Stout missed five games due to injury in 2023, ending the season with 29 tackles, eight pass breakups and an interception returned for a touchdown. He entered the NCAA transfer portal after the season but later chose to return to the Hilltoppers for the 2024 season.
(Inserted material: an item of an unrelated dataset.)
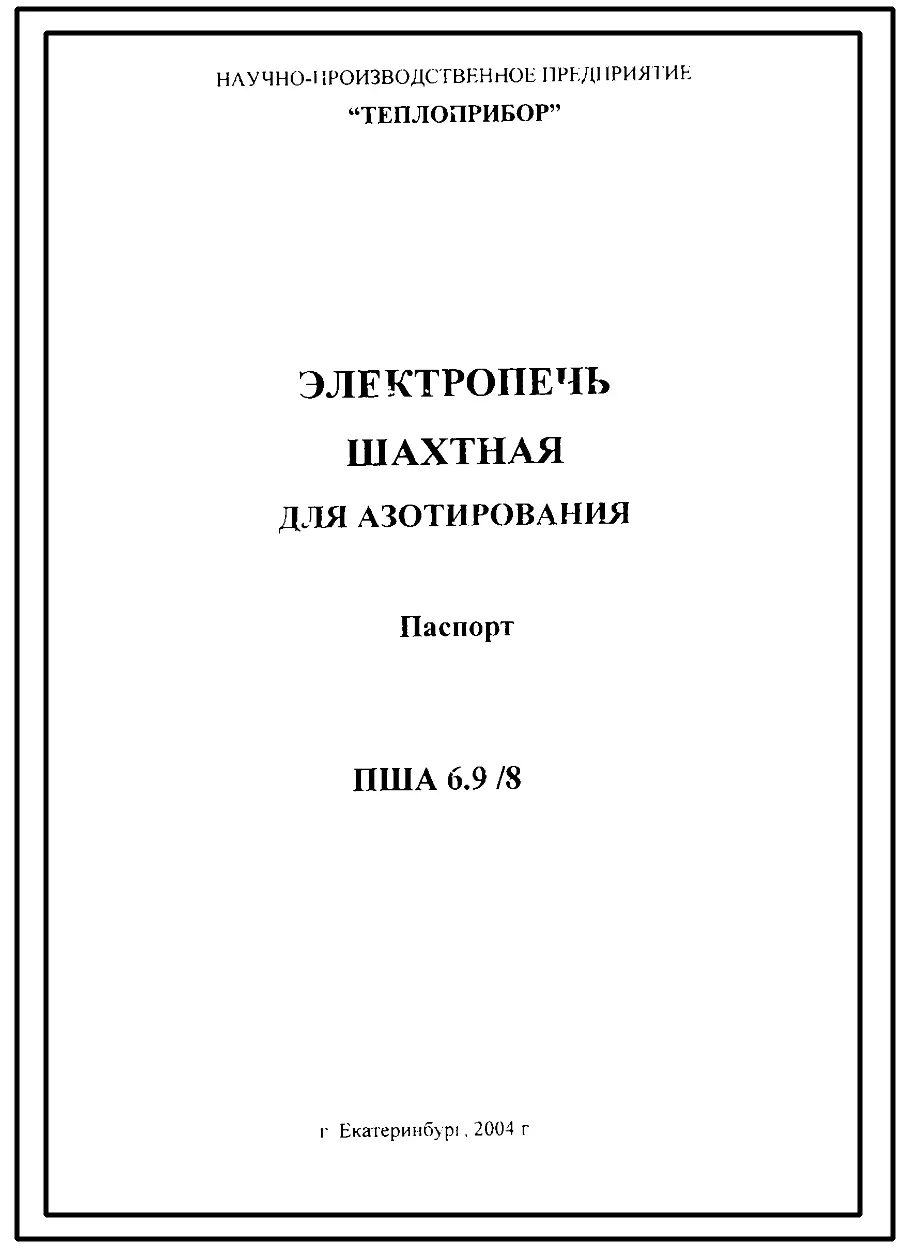 Шифр ПША6.9/8 Электропечь шахтная для азотирования ПША6.9/8.(Паспорт).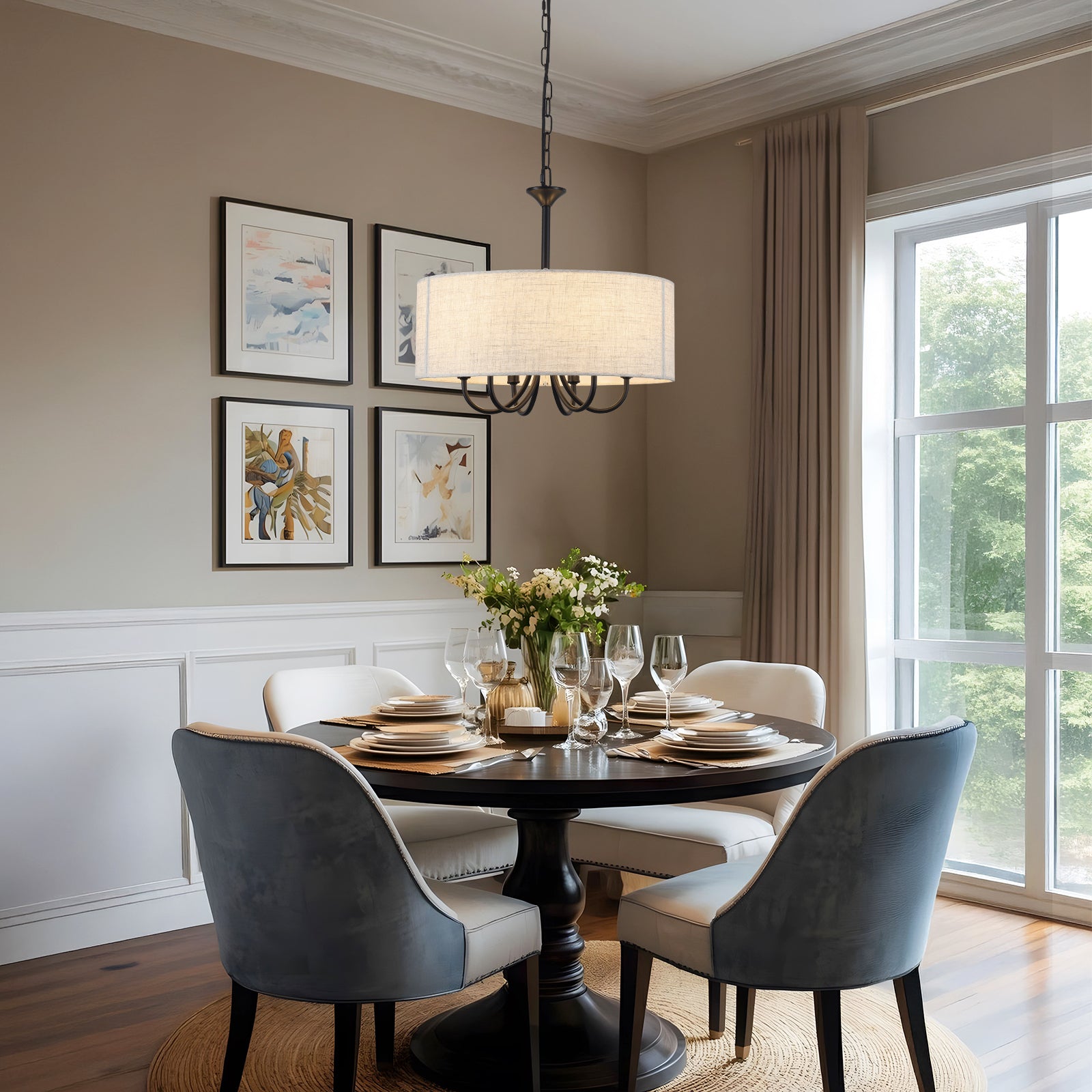 Chandelier Fabric Drum Shade 6-Light

In 2024, Stout was named first-team All-Conference USA after totaling 52 tackles, 7.5 tackles-for-loss (TFLs), an interception and a sack. He declared for the 2025 NFL draft and was invited to the Senior Bowl.

==Professional career==

Stout was selected in the third round (100th overall) by the San Francisco 49ers in the 2025 NFL draft.

Pre-draft measurables
| Height | Weight | Arm length | Hand span | Wingspan | 40-yard dash | 10-yard split | 20-yard split | 20-yard shuttle | Vertical jump | Broad jump | Bench press |
| 5 ft 8+1⁄2 in (1.74 m) | 181 lb (82 kg) | 30 in (0.76 m) | 9 in (0.23 m) | 6 ft 2+3⁄8 in (1.89 m) | 4.44 s | 1.51 s | 2.59 s | 4.29 s | 37.5 in (0.95 m) | 10 ft 8 in (3.25 m) | 21 reps |
All values from NFL Combine

==NFL career statistics==

=== Regular season ===

Year: Team; Games; Tackles; Interceptions; Fumbles
GP: GS; Cmb; Solo; Ast; Sck; TFL; PD; Int; Yds; TD; FF; FR; Yds; TD
2025: SF; 16; 4; 82; 43; 39; 1.0; 4; 5; 0; 0; 0; 1; 0; 0; 0
Career: 16; 4; 82; 43; 39; 1.0; 4; 5; 0; 0; 0; 1; 0; 0; 0

=== Postseason ===

Year: Team; Games; Tackles; Interceptions; Fumbles
GP: GS; Cmb; Solo; Ast; Sck; TFL; PD; Int; Yds; TD; FF; FR; Yds; TD
2025: SF; 2; 0; 7; 4; 3; 0.0; 0; 1; 0; 0; 0; 0; 0; 0; 0
Career: 2; 0; 7; 4; 3; 0.0; 0; 1; 0; 0; 0; 0; 0; 0; 0

==Personal life==
Stout has his own clothing line, named "Lazy Wayz."